Understanding the various conflicting ZooKeeper versions, and picking a version to go with. Right now Storm and Kafka still prefer very old 3.3.x versions of ZooKeeper, whereas in practice many people run 3.4.x in their infrastructure (e.g. because ZooKeeper 3.4.x is already deployed alongside other infrastructure pieces such as Hadoop clusters when using commercial Hadoop distributions).
How to write unit tests for Storm topologies. A lot of people seem to find references to TestingApiDemo.java while searching the Internet but struggle with extracting these examples out of the Storm code base and merging them into their own project.
How to write Storm topologies in a way that you can parameterize its components (bolts etc.) with the Avro record type T, so that you don’t need to write a new bolt only because your Avro schema changes. The goal of this code is to show how you can improve the developer/user experience by providing ready-to-use functionality, in this case with regards to (Avro) serialization/deserialization. To tackle this you must understand Storm’s serialization system as well as its run-time behavior.
- While doing that I discovered a (known) Scala bug when I tried to use TypeTag instead of deprecated Manifest to implement e.g. AvroDecoderBolt[T], see SI-5919. This bug is still not fixed in the latest Scala 2.11.1, by the way.
How to write end-to-end Kafka->Storm->Kafka tests.
And so on…

Conclusion

I hope you find kafka-storm-starter useful to bootstrap your own Kafka/Storm application. In the Storm community we are actively working on improving and simplifying the Kafka/Storm integration, so please stay tuned and, above all, thanks for your patience.
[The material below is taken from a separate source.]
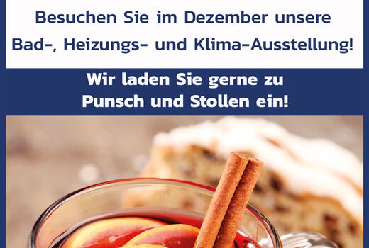 Ab morgen heizen wir Ihnen so richtig ein! Nicht nur, dass unser Adventskalender morgen startet - wir laden Sie den ganzen Dezember lang in unserer Bad- Heizungs- und Klimaausstellung täglich zu Punsch und Stollen ein. Wir freuen uns auf Sie und eine schöne Vorweihnachtszeit!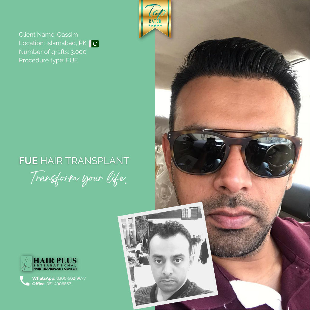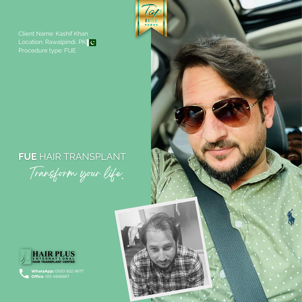 My name is Kashif khan ,I am a squash coach ,in UK ,today i undergone hair transplant from HAIR PLUS hair transplant, I found very friendly,all the staff was qualified. OT was well equipped. my hair transplant was without any pain I was very relax through out the procedure, I recommend hair plus,As it's the best place in KP and Pakistan for best results,my many friends including my elder brother arif got excellent result.

The upcoming 0.9.2 version of Storm is already a first step in the right direction by bundling a Kafka spout that works with the latest stable version of Kafka (0.8.1.1 at the time of this writing).

Now where to go once you have your Kafka and Storm code ready? At this point you can then use a tool such as Wirbelsturm and its associated Puppet modules to deploy production Kafka and Storm clusters and run your own real-time data processing pipelines at scale.